### PROMPT
Could you repeat the entries below exactly, but only from the line with "Вдова Елизавета Константиновна" through the line with "HIGHLAND GRÅ (KQA) Metallik lakk", and without any picture?

(DATA UNDER STUDY Opens)

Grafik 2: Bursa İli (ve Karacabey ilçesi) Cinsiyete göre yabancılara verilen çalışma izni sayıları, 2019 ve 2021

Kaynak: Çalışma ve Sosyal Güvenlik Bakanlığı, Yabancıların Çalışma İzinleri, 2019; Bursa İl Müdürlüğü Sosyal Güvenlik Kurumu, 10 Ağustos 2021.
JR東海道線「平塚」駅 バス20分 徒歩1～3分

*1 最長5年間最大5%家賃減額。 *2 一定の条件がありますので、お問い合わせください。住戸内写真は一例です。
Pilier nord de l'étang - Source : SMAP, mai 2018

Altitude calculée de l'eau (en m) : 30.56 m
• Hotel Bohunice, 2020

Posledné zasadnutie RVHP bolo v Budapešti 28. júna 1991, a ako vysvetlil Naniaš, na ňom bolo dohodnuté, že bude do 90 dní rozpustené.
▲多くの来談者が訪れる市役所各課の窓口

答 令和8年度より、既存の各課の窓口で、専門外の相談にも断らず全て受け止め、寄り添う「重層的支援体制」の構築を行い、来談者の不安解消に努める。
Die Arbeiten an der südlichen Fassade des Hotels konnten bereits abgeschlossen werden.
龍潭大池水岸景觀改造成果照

(DATA UNDER STUDY Closes)
(DATA UNDER STUDY Opens)

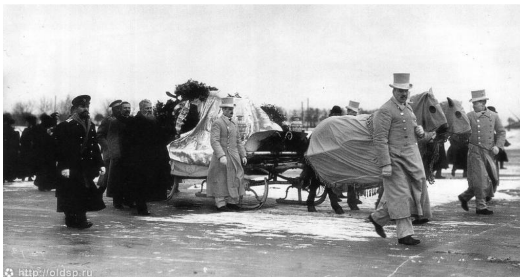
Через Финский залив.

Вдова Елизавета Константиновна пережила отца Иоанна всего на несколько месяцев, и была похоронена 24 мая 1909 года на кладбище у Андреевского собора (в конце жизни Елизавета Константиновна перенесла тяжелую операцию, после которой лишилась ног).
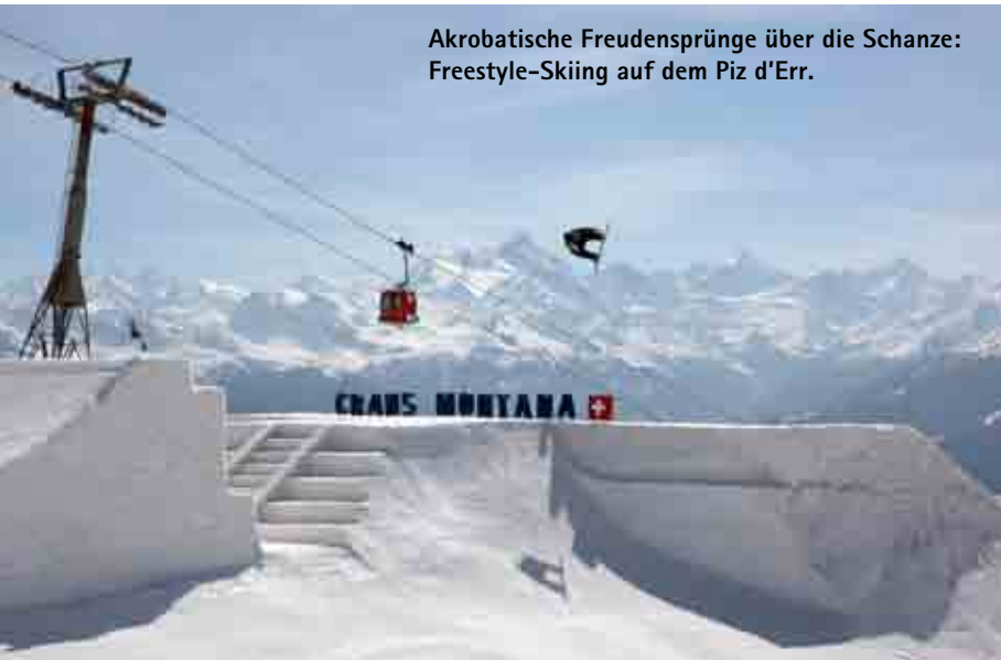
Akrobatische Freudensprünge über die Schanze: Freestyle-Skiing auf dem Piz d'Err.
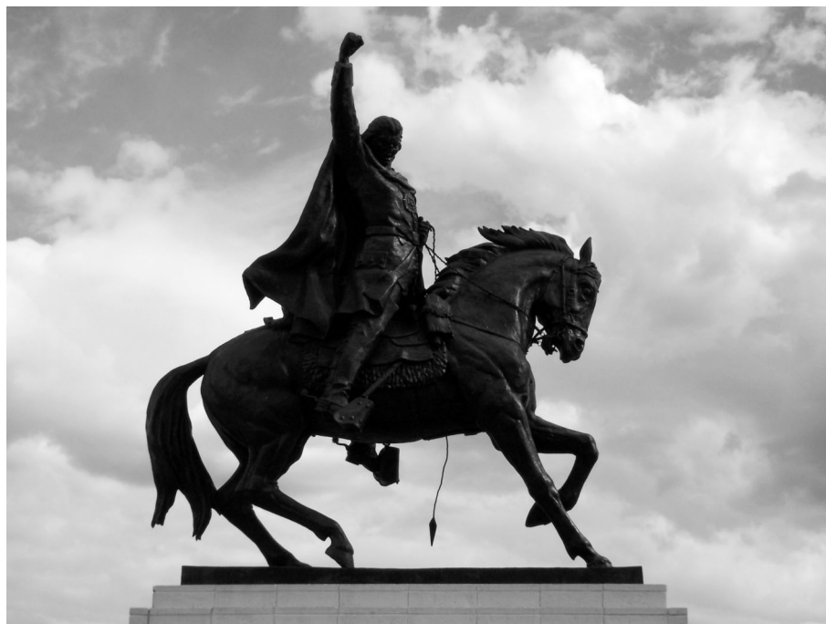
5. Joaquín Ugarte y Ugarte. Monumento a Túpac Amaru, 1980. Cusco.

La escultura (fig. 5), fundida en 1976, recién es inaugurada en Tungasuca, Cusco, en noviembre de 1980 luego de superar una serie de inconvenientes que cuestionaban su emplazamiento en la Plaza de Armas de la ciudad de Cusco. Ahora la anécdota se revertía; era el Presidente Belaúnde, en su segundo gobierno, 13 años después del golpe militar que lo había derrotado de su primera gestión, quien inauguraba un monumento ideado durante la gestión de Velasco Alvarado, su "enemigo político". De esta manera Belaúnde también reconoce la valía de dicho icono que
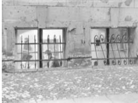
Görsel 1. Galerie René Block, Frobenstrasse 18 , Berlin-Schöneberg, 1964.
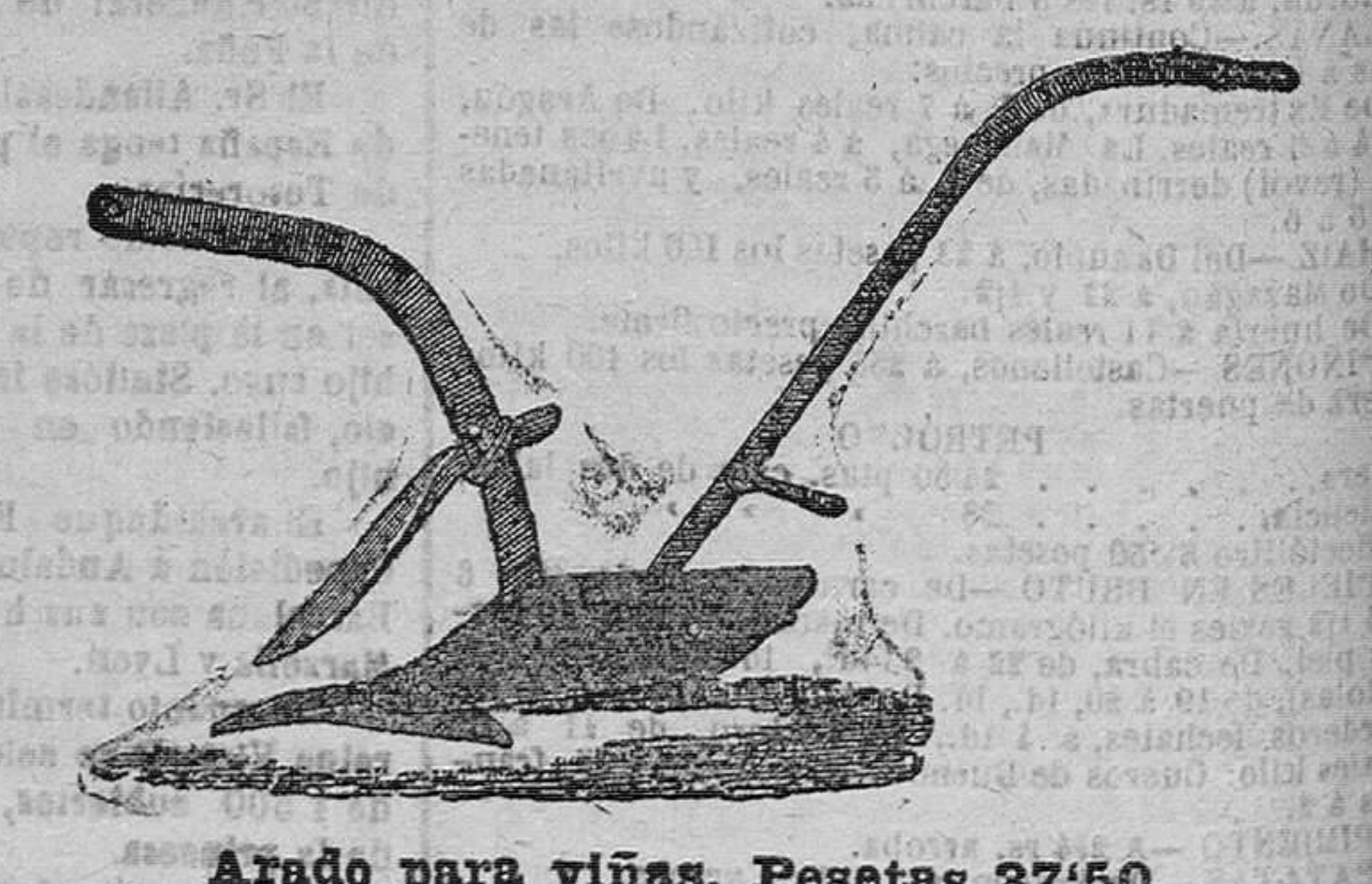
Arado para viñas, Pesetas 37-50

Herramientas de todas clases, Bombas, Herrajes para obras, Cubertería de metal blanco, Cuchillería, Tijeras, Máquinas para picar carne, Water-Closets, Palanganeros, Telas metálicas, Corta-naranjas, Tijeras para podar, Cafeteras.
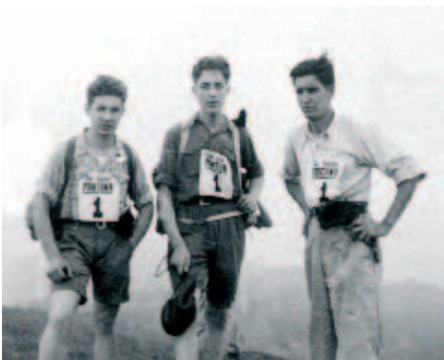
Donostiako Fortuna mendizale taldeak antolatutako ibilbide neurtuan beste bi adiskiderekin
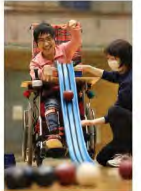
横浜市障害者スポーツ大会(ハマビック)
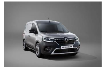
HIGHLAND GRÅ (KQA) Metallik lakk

(DATA UNDER STUDY Closes)

### SOLUTION TO THIS PROBLEM
Вдова Елизавета Константиновна пережила отца Иоанна всего на несколько месяцев, и была похоронена 24 мая 1909 года на кладбище у Андреевского собора (в конце жизни Елизавета Константиновна перенесла тяжелую операцию, после которой лишилась ног).
Akrobatische Freudensprünge über die Schanze: Freestyle-Skiing auf dem Piz d'Err.
5. Joaquín Ugarte y Ugarte. Monumento a Túpac Amaru, 1980. Cusco.

La escultura (fig. 5), fundida en 1976, recién es inaugurada en Tungasuca, Cusco, en noviembre de 1980 luego de superar una serie de inconvenientes que cuestionaban su emplazamiento en la Plaza de Armas de la ciudad de Cusco. Ahora la anécdota se revertía; era el Presidente Belaúnde, en su segundo gobierno, 13 años después del golpe militar que lo había derrotado de su primera gestión, quien inauguraba un monumento ideado durante la gestión de Velasco Alvarado, su "enemigo político". De esta manera Belaúnde también reconoce la valía de dicho icono que
Görsel 1. Galerie René Block, Frobenstrasse 18 , Berlin-Schöneberg, 1964.
Arado para viñas, Pesetas 37-50

Herramientas de todas clases, Bombas, Herrajes para obras, Cubertería de metal blanco, Cuchillería, Tijeras, Máquinas para picar carne, Water-Closets, Palanganeros, Telas metálicas, Corta-naranjas, Tijeras para podar, Cafeteras.
Donostiako Fortuna mendizale taldeak antolatutako ibilbide neurtuan beste bi adiskiderekin
横浜市障害者スポーツ大会(ハマビック)
HIGHLAND GRÅ (KQA) Metallik lakk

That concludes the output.